Analysis of Pathogenic Bacterial and Yeast Biofilms Using the Combination of Synchrotron ATR-FTIR Microspectroscopy and Chemometric Approaches

Abstract

Biofilms are assemblages of microbial cells, extracellular polymeric substances (EPS), and other components extracted from the environment in which they develop. Within biofilms, the spatial distribution of these components can vary. Here we present a fundamental characterization study to show differences between biofilms formed by Gram-positive methicillin-resistant Staphylococcus aureus (MRSA), Gram-negative Pseudomonas aeruginosa, and the yeast-type Candida albicans using synchrotron macro attenuated total reflectance-Fourier transform infrared (ATR-FTIR) microspectroscopy. We were able to characterise the pathogenic biofilms' heterogeneous distribution, which is challenging to do using traditional techniques. Multivariate analyses revealed that the polysaccharides area (1200-950 cm^-1) accounted for the most significant variance between biofilm samples, and other spectral regions corresponding to amides, lipids, and polysaccharides all contributed to sample variation. In general, this study will advance our understanding of microbial biofilms and serve as a model for future research on how to use synchrotron source ATR-FTIR microspectroscopy to analyse their variations and spatial arrangements.

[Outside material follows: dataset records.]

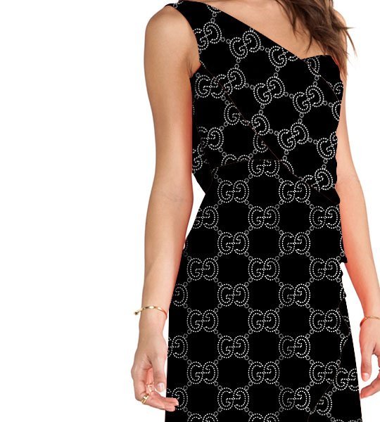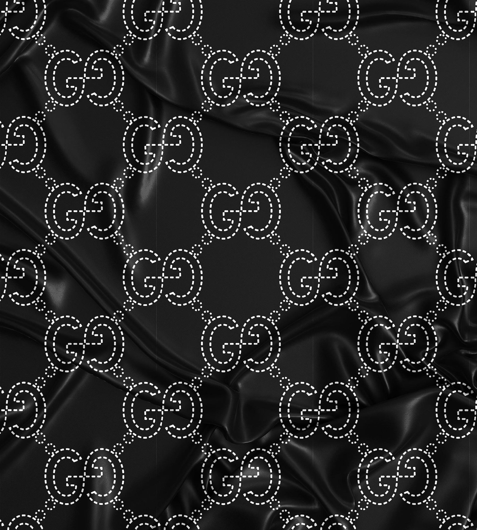 Black & White Interlocking GG Dashed Circle Pattern Fabric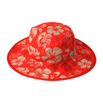 Solhatt från Banz. Röd och blommigt mönster. Solhatten har UV-skydd UPF50+, och skyddar maximalt mot solens UVA- och UVB-strålar.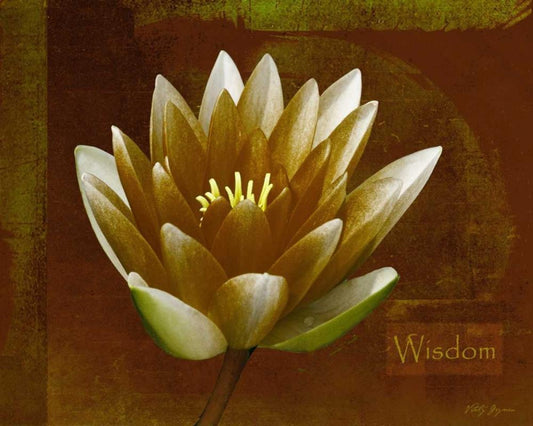 Rustic Lotus Wisdom White Modern Wood Framed Art Print with Double Matting by Geyman, Vitaly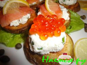 На отрезанный кусок огурца положить 1 пластину яйца,выдавить по кругу сыр филадельфия и заполнить икрой.
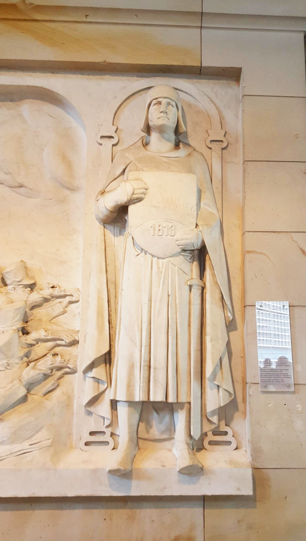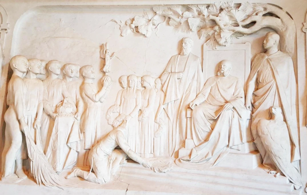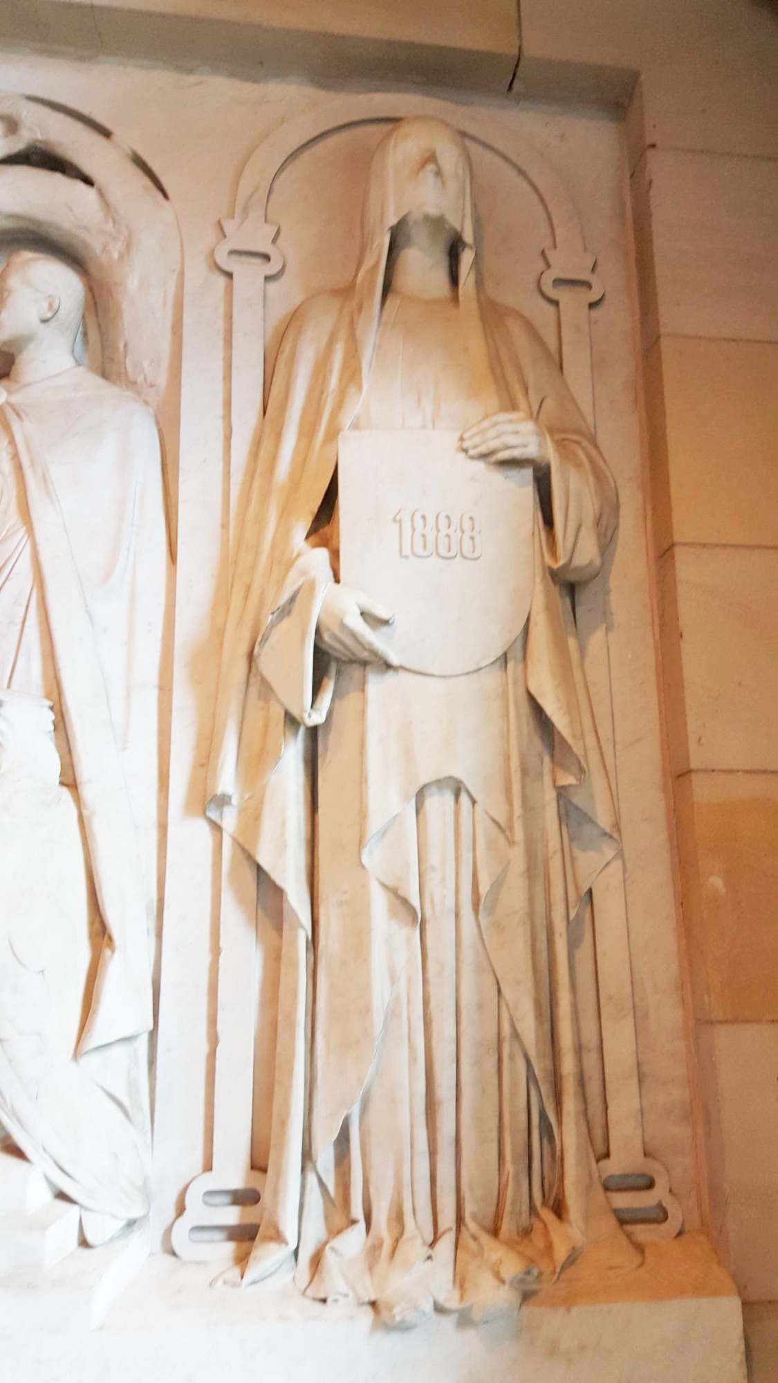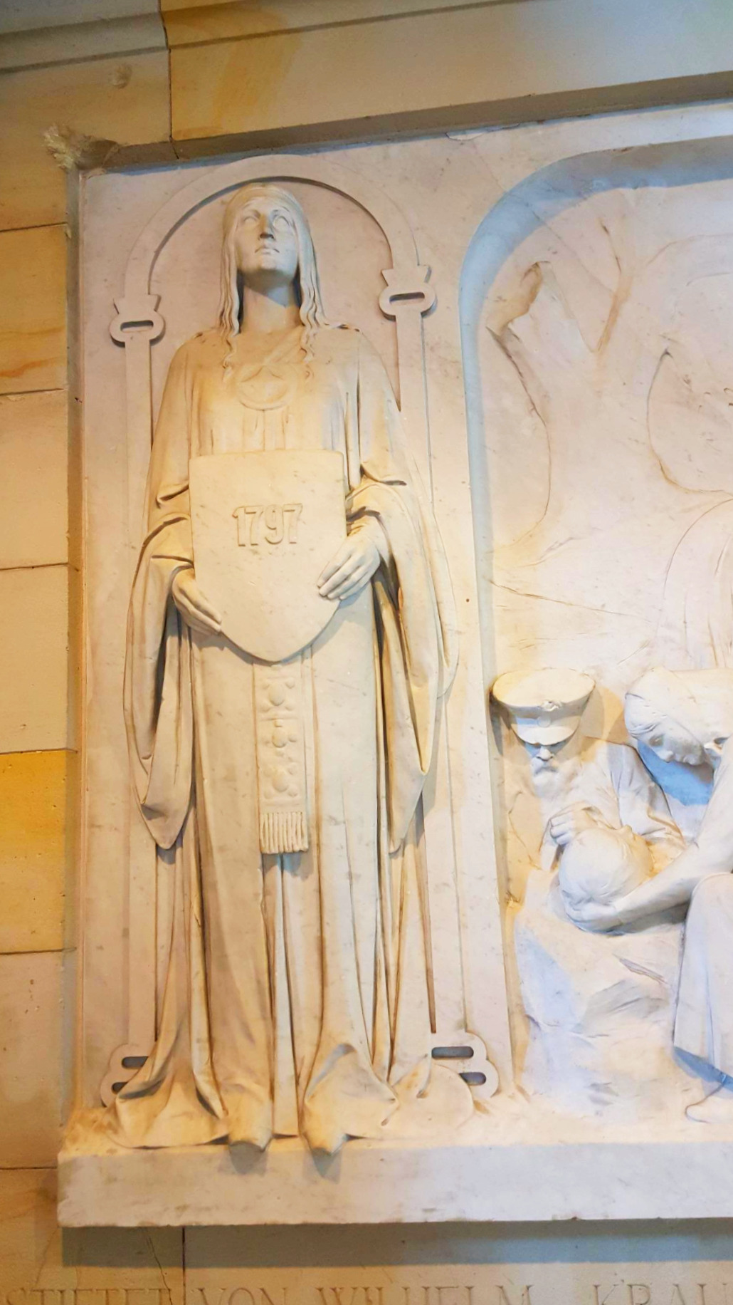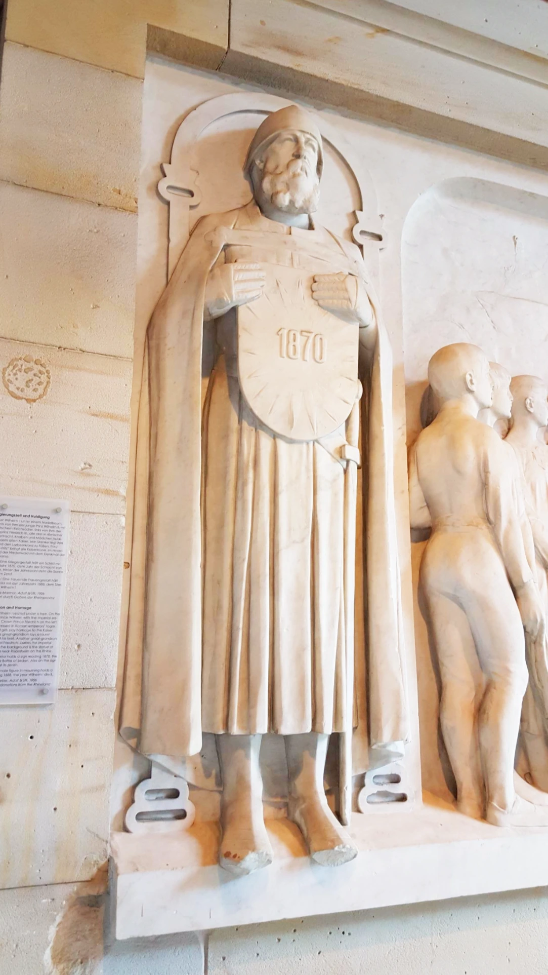 교회 오른쪽 부조판에는 수염을 기른 건장한 모습의 남자가 1870년도 년도판을 들고 있다. 1870년 이전까지 아직 군소국가들로 분열되어 있던 독일 땅이었다. 그 군소국가 중 북쪽의 신생 강국 프로이센이 나폴레옹 3세와의 전쟁에서 승리한 해가 바로 1870년도다. 한낱 프로이센의 왕이었던 빌헬름이 이 곳에서 독일 제국을 선포하고 제국의 황제로 등극한다. 그 유명한 베르사유 궁전의 거울의 방에서 일어난 일이다. 1871년에 공식적으로 독일 제 2 제국이 출범한다. 이 1870년은 프랑스에겐 참 굴욕적인 해이지만 독일인들에게는 정말 기억할만한 자랑스러운 해였을 것이다. 빌헬름 1세는 1888년에 사망한다. 빌헬름 1세의 출생과 사망연도는 이 두 부조상의 처음과 끝 연도와 일치한다. (1797~1888) 퍼즐 완성!
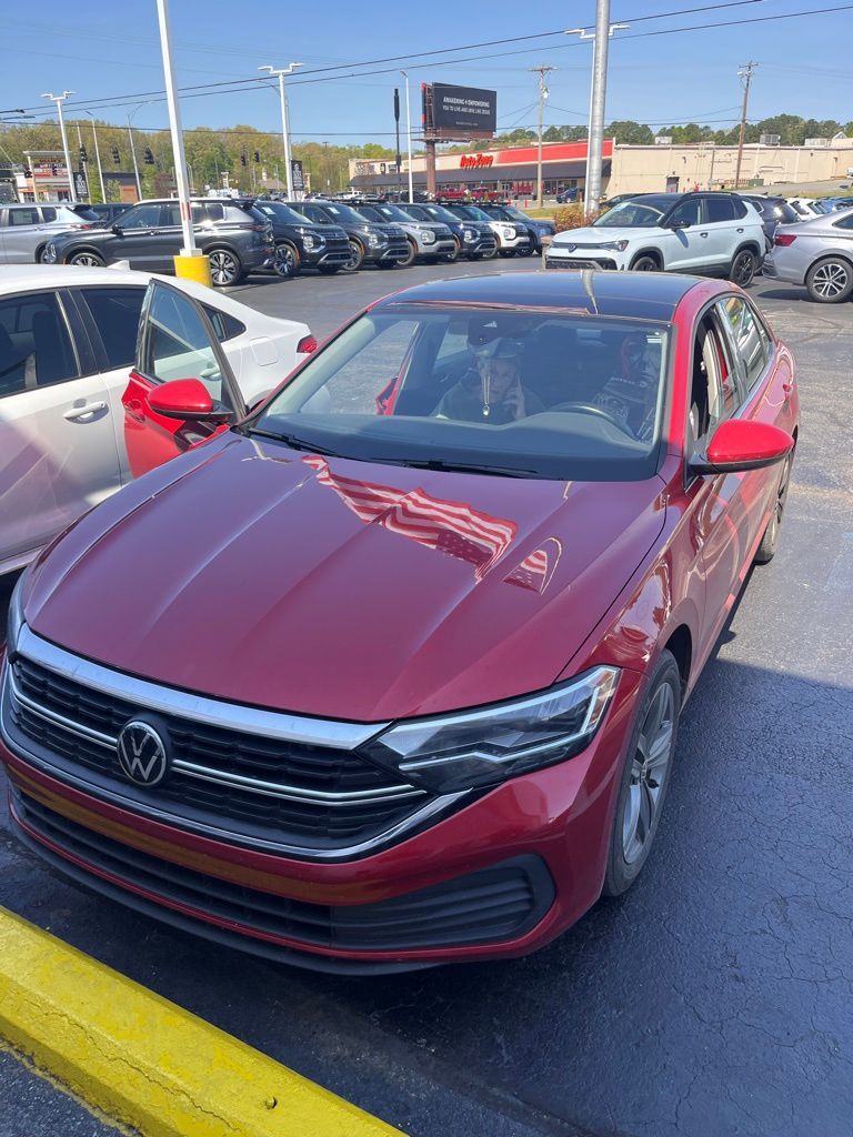 2024 Volkswagen Jetta 1.5T SE Certified. Red Metallic 1.5T SE FWD 8-Speed Automatic with Tiptronic 1.5L I-4 DI DOHC Turbocharged Volkswagen Certified, Titan Black Premium Synthetic, 4 Speakers, 4-Wheel Disc Brakes, ABS brakes, Active Blind Spot Monitor, Air Conditioning, Alloy wheels, Auto-dimming Rear-View mirror, Automatic temperature control, Brake assist, Bumpers: body-color, Delay-off headlights, Driver door bin, Driver vanity mirror, Dual front impact airbags, Dual Front Reading Lights, Dual front side impact airbags, Electronic Stability Control, Emergency communication system: VW Car-Net Safe & Secure 5-year, Exterior Parking Camera Rear, Front anti-roll bar, Front Bucket Seats, Front Center Armrest, Front dual zone A/C, Front wheel independent suspension, Fully automatic headlights, Heated door mirrors, Heated Front Seats, Heated front seats, Illuminated entry, Illuminated Vanity Mirrors, Leather Shift Knob, Leather steering wheel, Low tire pressure warning, Occupant sensing airbag, Outside temperature display, Overhead airbag, Overhead console, Overhead Storage Compartment, Panic alarm, Panoramic Sunroof Package, Passenger door bin, Passenger vanity mirror, Power door mirrors, Power driver seat, Power steering, Power Tilting & Sliding Panoramic Sunroof, Power windows, Radio data system, Radio: MIB3 Composition Color w/6.5" Touchscreen, Rain sensing wipers, Rear anti-roll bar, Rear reading lights, Rear seat center armrest, Rear window defroster, Remote keyless entry, Rubber Monster Mats (Set of 4), Speed control, Speed-sensing steering, Split folding rear seat, Steering wheel mounted audio controls, Tachometer, Telescoping steering wheel, Tilt steering wheel, Traction control, Trip computer, V-Tex Leatherette Seat Trim, Variably intermittent wipers, Wheels: 17" Twin 5-Spoke Silver Painted Alloy, Titan Black Premium Synthetic.

Keywords: ATR; biofilms; chemometrics; infrared; spatial heterogeneity; synchrotron.

Figure 1

SEM and CLSM images showing the morphology of pathogenic biofilms formed by MRSA, P. aeruginosa and C. albicans. An example of an early pseudohyphal cell (yellow) and yeast cell (red) are highlighted in the C. albicans biofilm. Scale bars in the insets of the electron micrographs are 1 µm for the two bacterial species and 5 µm for C. albicans.

Figure 2

Average macro ATR-FTIR spectra for the three biofilms. MRSA, PA (P. aeruginosa) and CA (C. albicans). Regions characteristic of chemical species of interest are highlighted.

Figure 3

Synchrotron macro ATR-FTIR spectral maps of the biofilms formed by MRSA, P. aeruginosa and C. albicans. All scale bars are 2 µm.

Figure 4

HCA maps of biofilm samples to identify and group regions high in amide I. The FTIR chemical image of the Amide I band (left), the HCA map of the 5 clusters (middle) and the average spectra of the clusters (right). The black arrows refer to the average spectrum, representative of the same colored cluster, which was chosen for further PCA analysis.

Figure 5

PCA analysis of the 2nd derivative spectra for each biofilm sample. (A) Second derivative spectra for each biofilm sample. (B) PCA score plots showing projections against the first 3 PCs that explain the majority of the spectral variation. (C) PC loading plots for the first 3 PCs. The wavenumbers at which significant change occurs are designated.